Minimal conditions determining isometries and similarities (Q1074113)

Let us denote by \(E^ n\) and \(\Lambda^ n\) respectively Euclidean space and Lobachevskian space of dimension n, by \({\mathbb{R}}^+\) the set of positive real numbers and by \(\rho\) (X,Y) the distance of the points X and Y in \(E^ n\) or \(\Lambda^ n\). In this work, in order to characterize minimal conditions determining similarities of \(E^ n\) and isometries of \(\Lambda^ n\), the author proves at first the following proposition. Let the set \(\Omega \subset {\mathbb{R}}^+\), whose cardinality is less than the one c of \({\mathbb{R}}^+\), satisfy the following condition: If \(A_ 1,...,A_ n\) are points in \(E^ n\) or \(\Lambda^ n\), such that for each pair (i,j) \((i=1,...,n\); \(j=1,...,n\); \(i\neq j)\) \(\rho (A_ i,A_ j)\in \Omega\), the dimension of the affine hull of the set \(\{A_ 1,...,A_ n\}\) is n-1. Such a set \(\Omega\) has the following property (\(\alpha)\). (\(\alpha)\).

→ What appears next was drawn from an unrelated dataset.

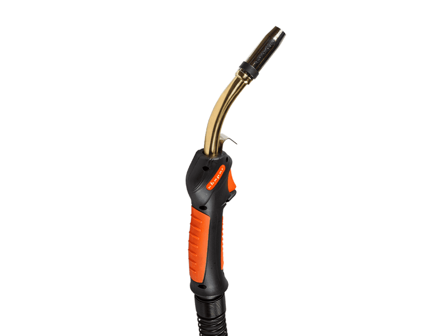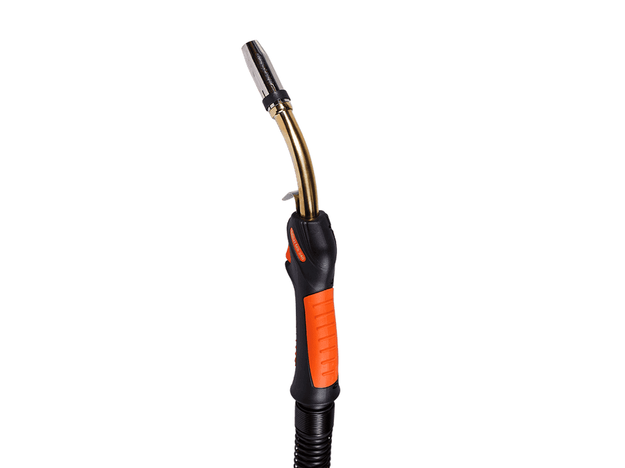 Шарнирное соединение повышает удобство вращения горелки во время работы. Также обеспечивается лучшее соединение между рукояткой и металлической пружиной. Надежная металлическая пружина исключает перегибание кабеля и обеспечивает более плавную подачу проволоки в любом положении горелки.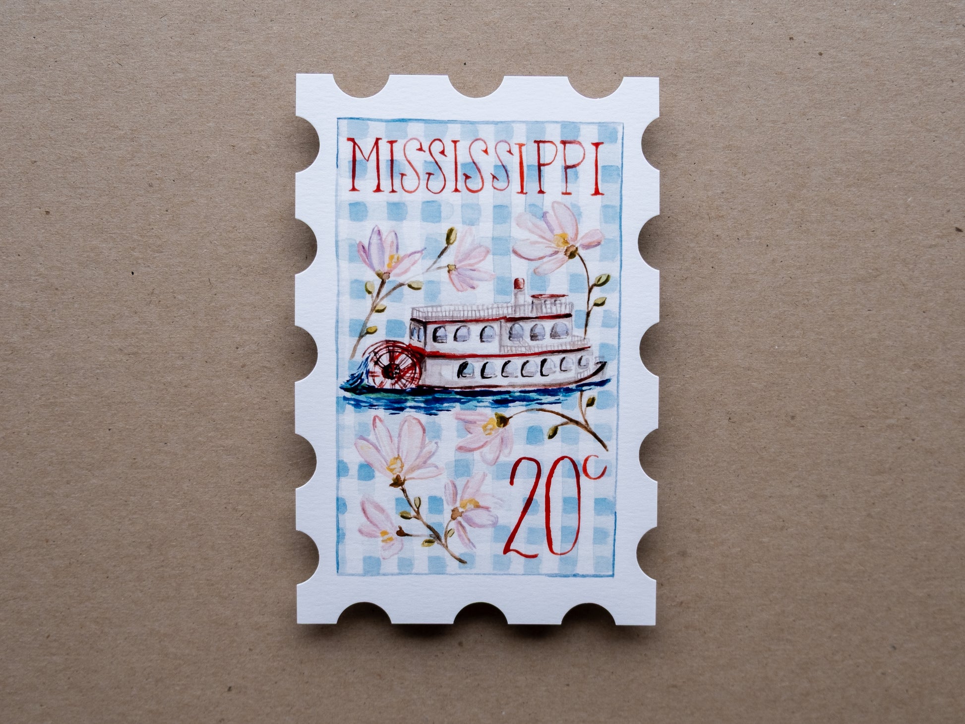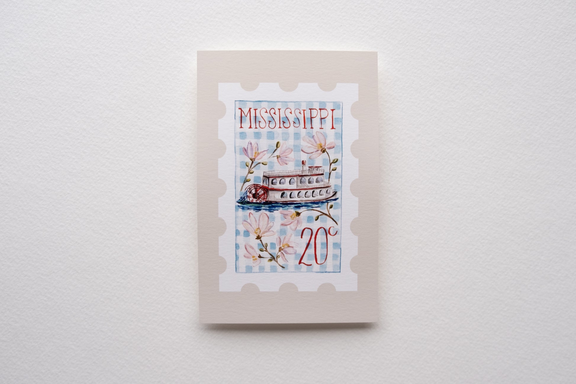 Due to the printing process, the beige background and stamp colors may vary between prints.

Let \(a>0\); if \(f: E^ n\to E^ n\) (respectively, \(f: \Lambda\) \({}^ n\to \Lambda^ n)\) is an injective map such that from the condition \(\rho (X,Y)=a\), where \(X,Y\in E^ n\) (respectively, \(X,Y\in \Lambda^ n)\), it follows that \(\rho\) (f(X),f(Y))\(\in \Omega\), then in the case of \(E^ n\) the map f is a similarity, and in the case of \(\Lambda^ n\) an isometry. Successively, the following theorems are proved. Theorem 1. We fix the space \(E^ n\) (respectively, \(\Lambda^ n)\), \(n\geq 3\). Let the set \({\mathfrak M}\subset {\mathbb{R}}^+\) be dense in \({\mathbb{R}}^+\). There exists a set \(\Omega\) \(\subset {\mathfrak M}\), dense in \({\mathbb{R}}^+\), and having property (\(\alpha)\). Theorem 2. We fix the space \(E^ n\) (respectively, \(\Lambda^ n)\), \(n\geq 3\), and a number \(a_ 0>0\). There exists an \(\epsilon >0\) such that for each set \(\Omega '\subset]a_ 0-\epsilon,a_ 0+\epsilon [\) (where \(]x_ 1,x_ 2[\) is the open interval with ends \(x_ 1,x_ 2)\), for which the cardinality of \(\Omega\) ' is less than c, there exists a dense set \(\Omega ''\subset R^+\), such that the set \(\Omega\) \(=^{def}\Omega '\cup \Omega ''\) has property (\(\alpha)\).